We have never before had occasion to directly pass upon the exact question at issue between plaintiff and defendant Howe; but we *261think that an application of the principles announced in onr former decisions necessarily leads to its determination in favor of the contention of the plaintiff.

The principle on which all our decisions on the subject have proceeded is that the question is one of intention, as indicated by the plat, with reference to which all the conveyances were made. This plat, as we think, clearly implies that the outermost platted blocks should be and remain the riparian or shore blocks, and, as such, have all the riparian rights in and to the water, and the land under the water, in front of them, which any riparian or shore estate has. This would be the impression which would be inevitably produced on the mind upon a mere inspection of the plat.

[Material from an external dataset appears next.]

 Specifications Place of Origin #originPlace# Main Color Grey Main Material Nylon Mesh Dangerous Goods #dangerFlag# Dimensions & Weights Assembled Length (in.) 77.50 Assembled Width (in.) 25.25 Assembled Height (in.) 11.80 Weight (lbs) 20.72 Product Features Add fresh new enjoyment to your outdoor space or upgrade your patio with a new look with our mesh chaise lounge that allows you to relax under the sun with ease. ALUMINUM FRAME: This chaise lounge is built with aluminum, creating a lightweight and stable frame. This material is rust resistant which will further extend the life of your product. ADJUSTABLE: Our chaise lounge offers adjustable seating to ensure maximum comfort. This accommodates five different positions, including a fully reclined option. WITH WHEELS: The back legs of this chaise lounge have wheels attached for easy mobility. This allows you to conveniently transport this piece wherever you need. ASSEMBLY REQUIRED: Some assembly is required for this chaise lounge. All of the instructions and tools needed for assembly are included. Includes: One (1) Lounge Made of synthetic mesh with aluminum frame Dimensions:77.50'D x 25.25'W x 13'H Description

Where a party conveys a parcel of land bounded by water, it will never be presumed that he reserves to himself proprietary rights in front of the land conveyed. The intention to do so must clearly appear from the conveyance; and the mere fact that the boundary of the lot conveyed is indicated by a line on the plat will not limit the grant to the lines on the plat, or operate to reserve to the grantor proprietary rights in front of the lot. Watson v. Peters, 26 Mich. 508. Had the blocks conveyed to plaintiff been original shore blocks, (with no block platted out in the water in front of them,) or had Rice, before conveying these outermost water blocks, reclaimed and filled them up, there could have been no question but that the grantees would have acquired all the riparian rights in the water, and land under water in front of them, usually appurtenant to shore land.

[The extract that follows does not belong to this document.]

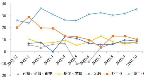 第二,對工業總產值增速影響較小。2003年,上海重工業總產值增速較為穩定,只在4月和5月出現了小幅下滑。雖然2003年上海輕工業產值增速出現了趨勢明顯下滑,但并沒有因非典出現斷崖式下滑。
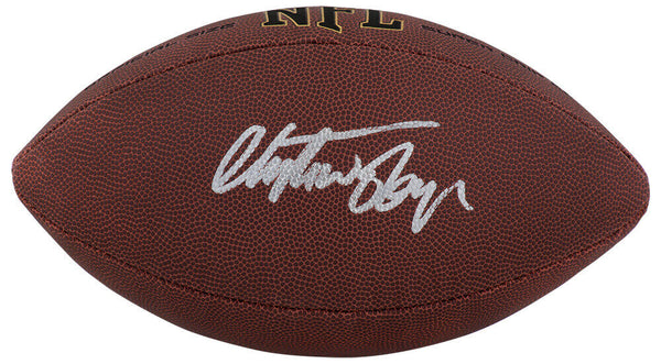 Christian Okoye signed Wilson Super Grip full size NFL football. Item comes with a Schwartz Sports Memorabilia tamper-proof numbered hologram and Certificate of Authenticity which can be verified online.

But the platting of these water blocks, and conveying them with reference to the plat, manifestly contemplated reclaiming them and filling them in, or otherwise improving them for use; and we cannot see what difference it makes whether this had been done before Rice conveyed, or was only in contemplation. It seems to us that the plat contemplates upon its face, as clearly as words could express it, that the exterior line of these outermost blocks was to be treated as the shore line, and that the rights usually appurtenant to a riparian estate would attach' to those blocks. All the supposed legal objections to this view are more speculative and specious than practical or sound.

(Opinion published 36 N. W. Hep. SIS.)

On the appeal of defendants Emerson and Eldridge, that part of the judgment appealed from is affirmed, and on the appeal of plaintiff that part of the judgment appealed from is reversed, and the cause remanded, with directions to the court below to render judgment in favor of plaintiff:.